◆ **Work order**
Please print each entry below exactly as it stands, but without any pictures.

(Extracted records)

============

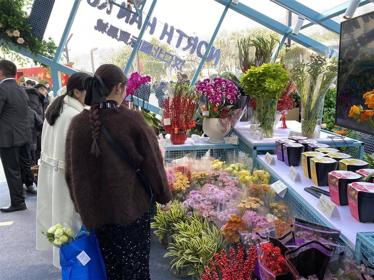 在鮮花展區(qū),厄瓜多爾玫瑰、坦桑尼亞鐵線蓮、南非紅帝王花、荷蘭丁香花和彼岸花、墨西哥跳舞蘭等花卉漂洋過(guò)海而來(lái),與來(lái)自中國(guó)云南、海南等地的香水百合、雛菊、轉(zhuǎn)運(yùn)竹等各色花卉植物爭(zhēng)奇斗艷。
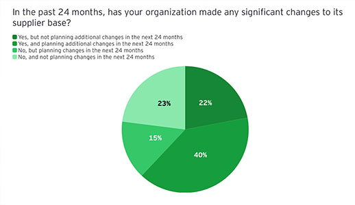 A survey by Ernst & Young indicates that a significant number of companies are experiencing changes in their supplier bases. According to respondents, 62% said their companies have implemented significant changes in the past 24 months, and 55% have plans for significant changes in the next 24 months.
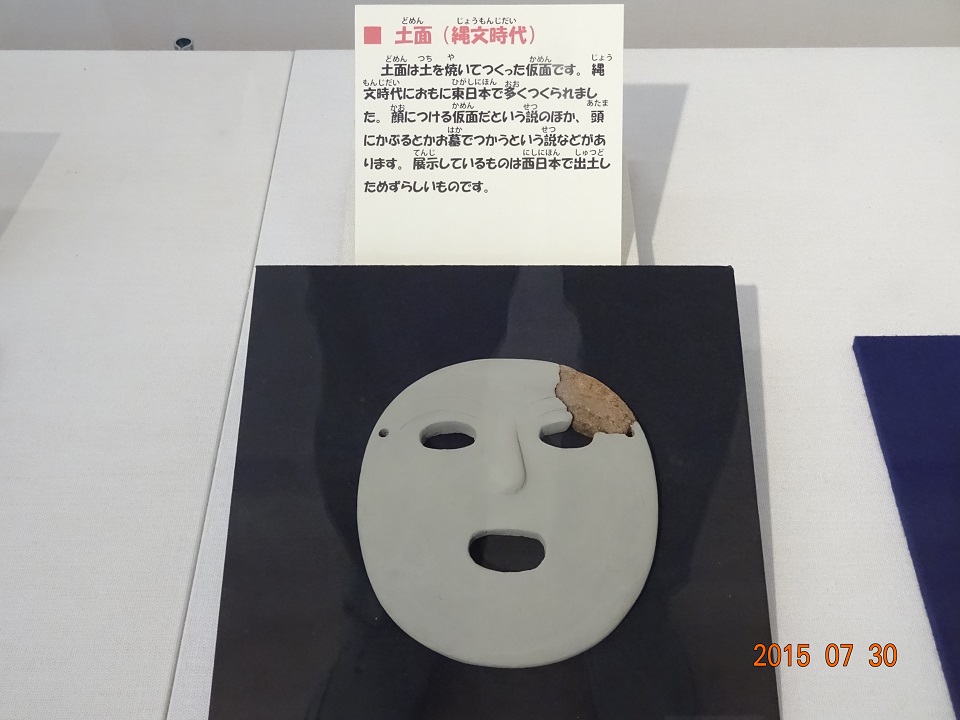 さらに、その左には「土面さん」が..「これはレア物だ!白い土面なんて初めてだぞ。」と思わず感動しかけた。が、よく見たら白い所は予想復元した部分のようだ。もしかして、実物は左目の上の部分だけかな? だとしたら凄い復元(想像)力である。
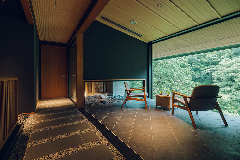 今回滞在したのは、清流・須雲川に面した和室。客室は、「東海道」をテーマにしています。広々としたリビングのソファに身を沈めると、窓いっぱいに広がる緑に包まれます。難所越えの歴史に思いを馳せつつ、現代の快適な宿で疲れを癒やす。そんな粋な「箱根ごこち」を存分に味わえる空間です。
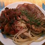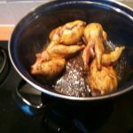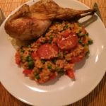 Verdeel de spaanse rijst over de borden en leg er een kwartel bij.
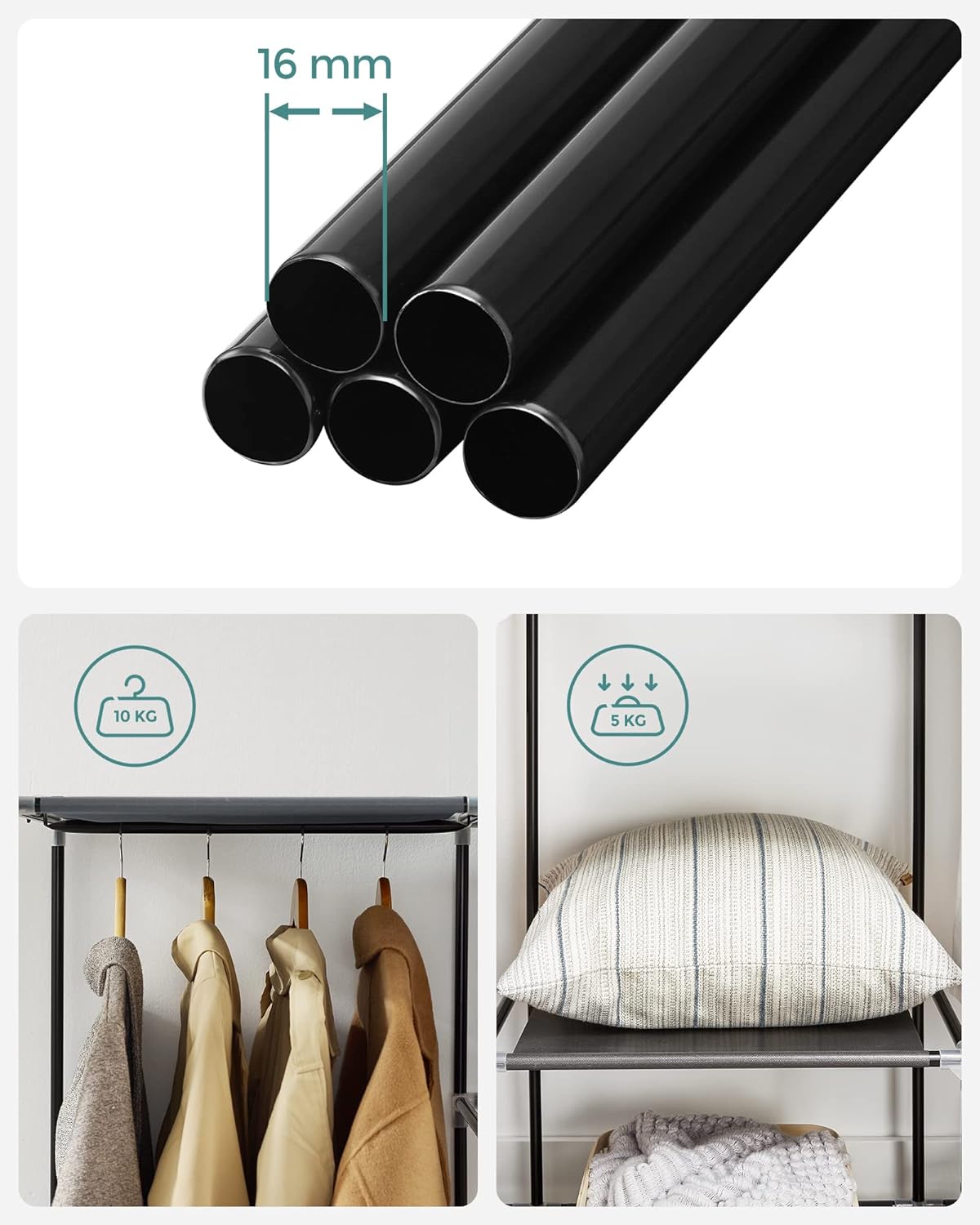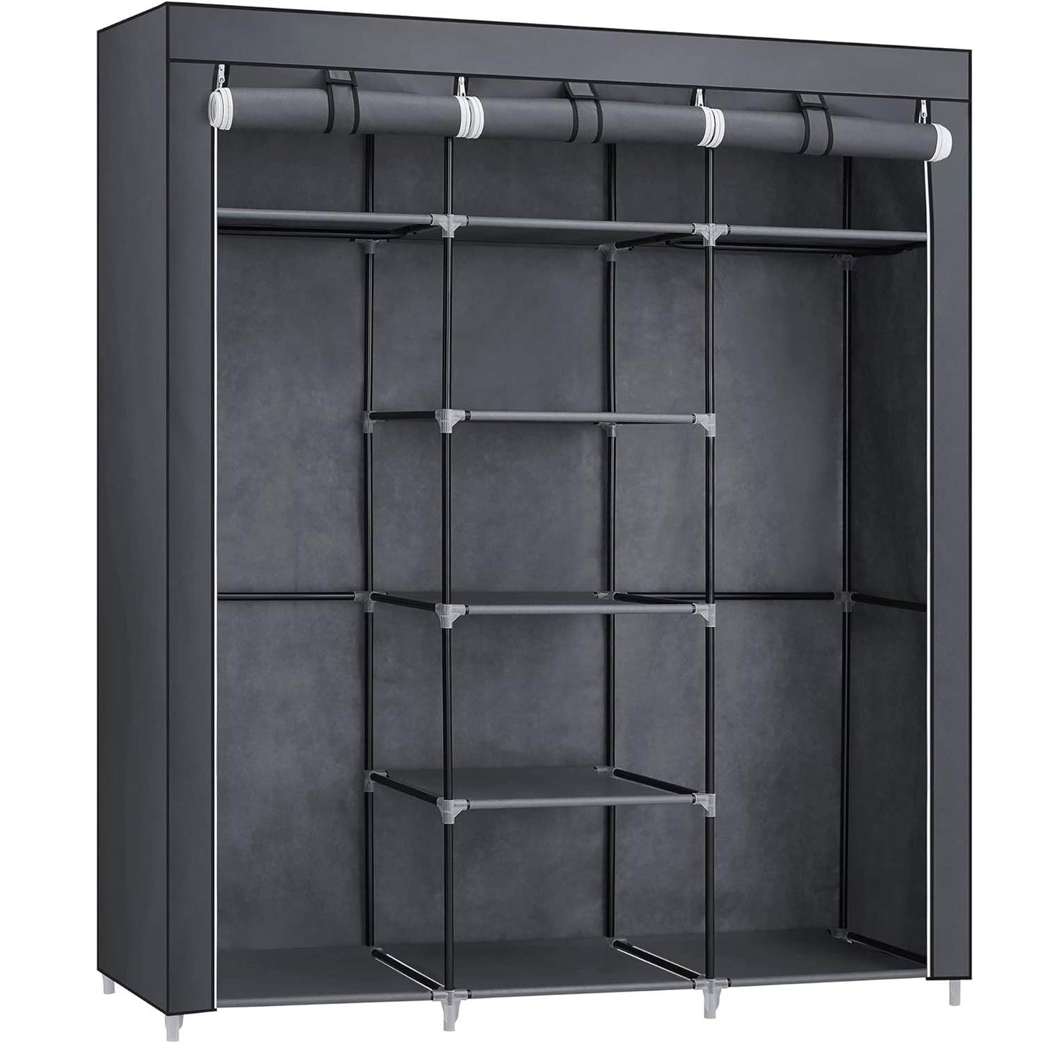 Organizeaza-ti hainele simplu si eficient cu acest dulap textil pentru haine Songmics, ideal pentru dormitor, hol, camera de oaspeti sau spatii unde ai nevoie de depozitare practica. Designul cu 3 compartimente iti permite sa separi hainele pe categorii, iar bara de agatare este potrivita pentru camasi, jachete sau rochii. Husa textila gri protejeaza continutul de praf, in timp ce structura metalica ofera stabilitate in utilizarea de zi cu zi.
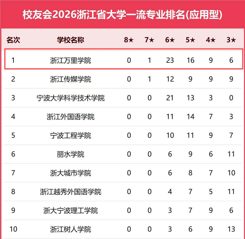近日,艾瑞深校友会网正式发布校友会2026中国大学排名,我校表现卓越,稳居浙江省应用型高校榜首,全国排名第4位,较去年提升3个位次,位列浙江省大学一流专业排名(应用型)榜首,实现自该榜单分类评价以来的“六连冠”。
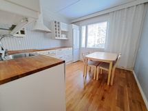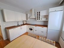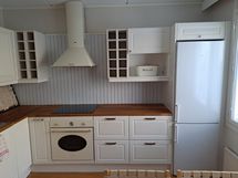 - Keittiön varusteet: Erillisuuni, liesi, liesituuletin, astianpesukone (Integroitu) ja jääkaappipakastin. Liesi: Induktioliesi. Työtason materiaali: Puu.
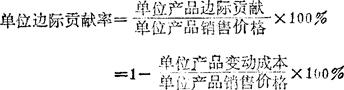 亦称“单位边际利润率”“单位边际贡献率”“单位创利率”。指单位产品的边际贡献占单位售价的比重。计算公式如下:
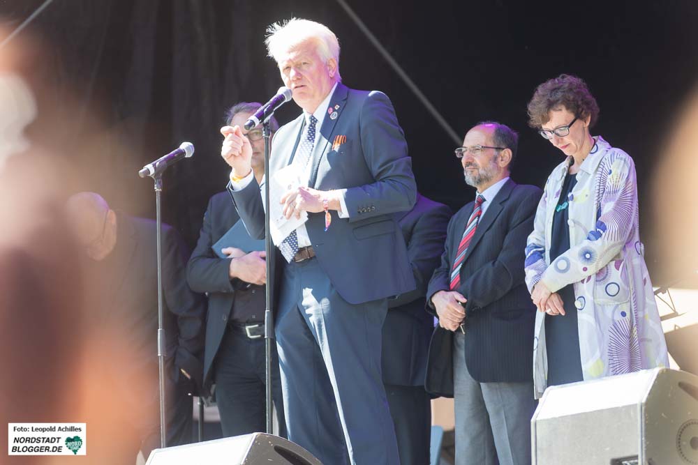Im Anschluss an das Gebet eröffnete Oberbürgermeister Ullrich Sierau das Familienfest offiziell. Er zeigte sich erfreut, Delegationen aus drei Partnerstädten Dortmunds, aus Leeds in Großbritannien, Amiens in Frankreich und Rostow am Don in Russland zum DORTBUNT!-Cityfest begrüßen zu dürfen.
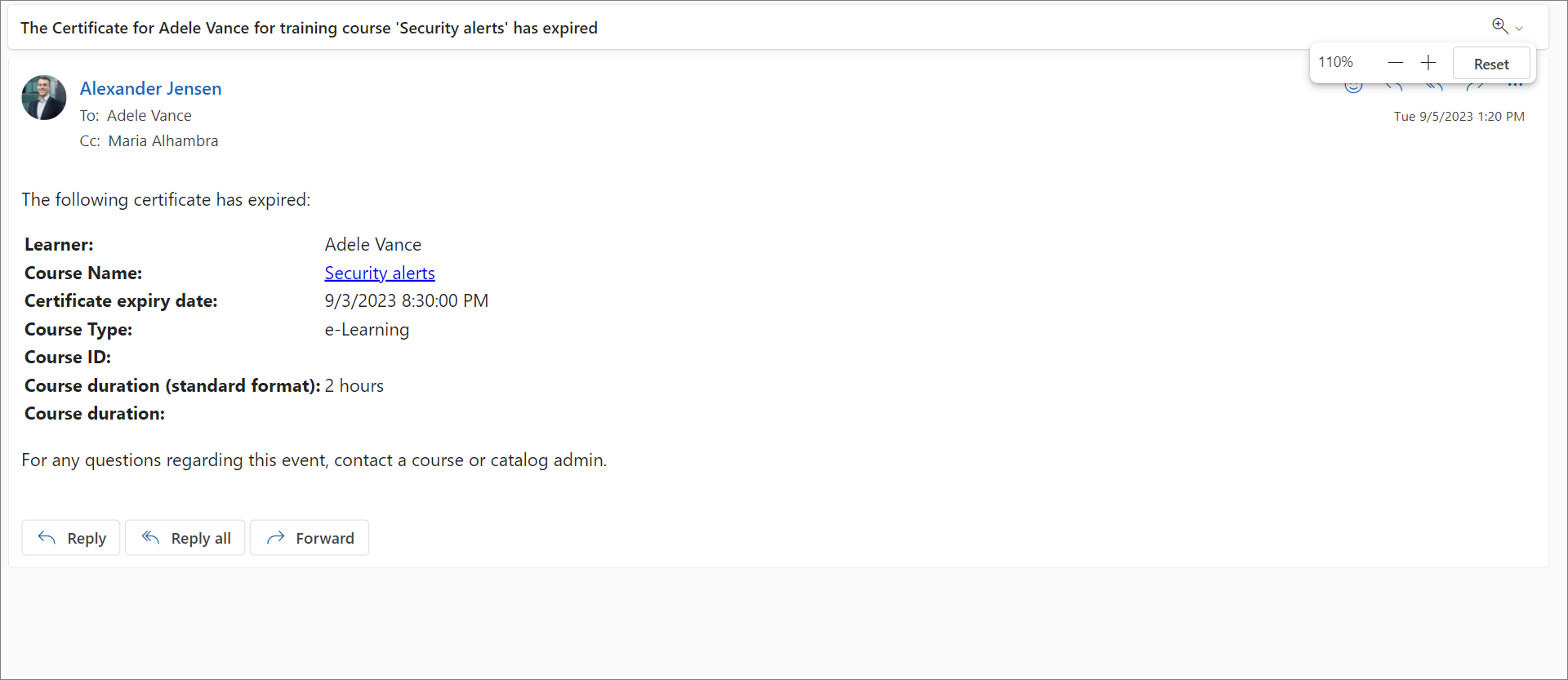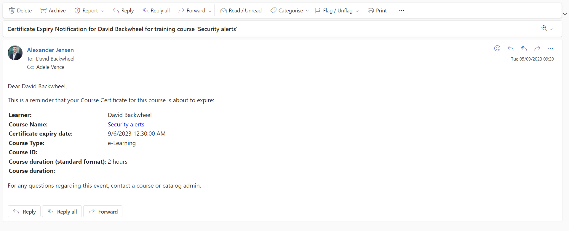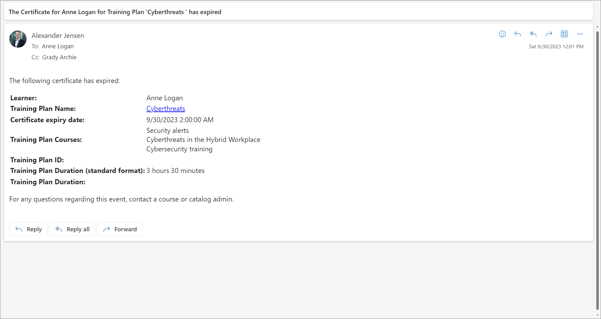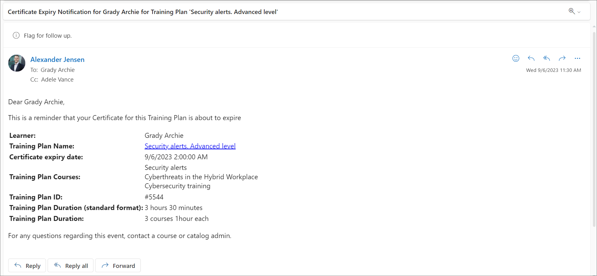 An example of the Training plan certificate expiry reminder notification for a training plan.

============

◆ **Worked solution**
 在鮮花展區(qū),厄瓜多爾玫瑰、坦桑尼亞鐵線蓮、南非紅帝王花、荷蘭丁香花和彼岸花、墨西哥跳舞蘭等花卉漂洋過(guò)海而來(lái),與來(lái)自中國(guó)云南、海南等地的香水百合、雛菊、轉(zhuǎn)運(yùn)竹等各色花卉植物爭(zhēng)奇斗艷。
 A survey by Ernst & Young indicates that a significant number of companies are experiencing changes in their supplier bases. According to respondents, 62% said their companies have implemented significant changes in the past 24 months, and 55% have plans for significant changes in the next 24 months.
 さらに、その左には「土面さん」が..「これはレア物だ!白い土面なんて初めてだぞ。」と思わず感動しかけた。が、よく見たら白い所は予想復元した部分のようだ。もしかして、実物は左目の上の部分だけかな? だとしたら凄い復元(想像)力である。
 今回滞在したのは、清流・須雲川に面した和室。客室は、「東海道」をテーマにしています。広々としたリビングのソファに身を沈めると、窓いっぱいに広がる緑に包まれます。難所越えの歴史に思いを馳せつつ、現代の快適な宿で疲れを癒やす。そんな粋な「箱根ごこち」を存分に味わえる空間です。
 Verdeel de spaanse rijst over de borden en leg er een kwartel bij.
 Organizeaza-ti hainele simplu si eficient cu acest dulap textil pentru haine Songmics, ideal pentru dormitor, hol, camera de oaspeti sau spatii unde ai nevoie de depozitare practica. Designul cu 3 compartimente iti permite sa separi hainele pe categorii, iar bara de agatare este potrivita pentru camasi, jachete sau rochii. Husa textila gri protejeaza continutul de praf, in timp ce structura metalica ofera stabilitate in utilizarea de zi cu zi.
近日,艾瑞深校友会网正式发布校友会2026中国大学排名,我校表现卓越,稳居浙江省应用型高校榜首,全国排名第4位,较去年提升3个位次,位列浙江省大学一流专业排名(应用型)榜首,实现自该榜单分类评价以来的“六连冠”。
 - Keittiön varusteet: Erillisuuni, liesi, liesituuletin, astianpesukone (Integroitu) ja jääkaappipakastin. Liesi: Induktioliesi. Työtason materiaali: Puu.
 亦称“单位边际利润率”“单位边际贡献率”“单位创利率”。指单位产品的边际贡献占单位售价的比重。计算公式如下:
Im Anschluss an das Gebet eröffnete Oberbürgermeister Ullrich Sierau das Familienfest offiziell. Er zeigte sich erfreut, Delegationen aus drei Partnerstädten Dortmunds, aus Leeds in Großbritannien, Amiens in Frankreich und Rostow am Don in Russland zum DORTBUNT!-Cityfest begrüßen zu dürfen.
 An example of the Training plan certificate expiry reminder notification for a training plan.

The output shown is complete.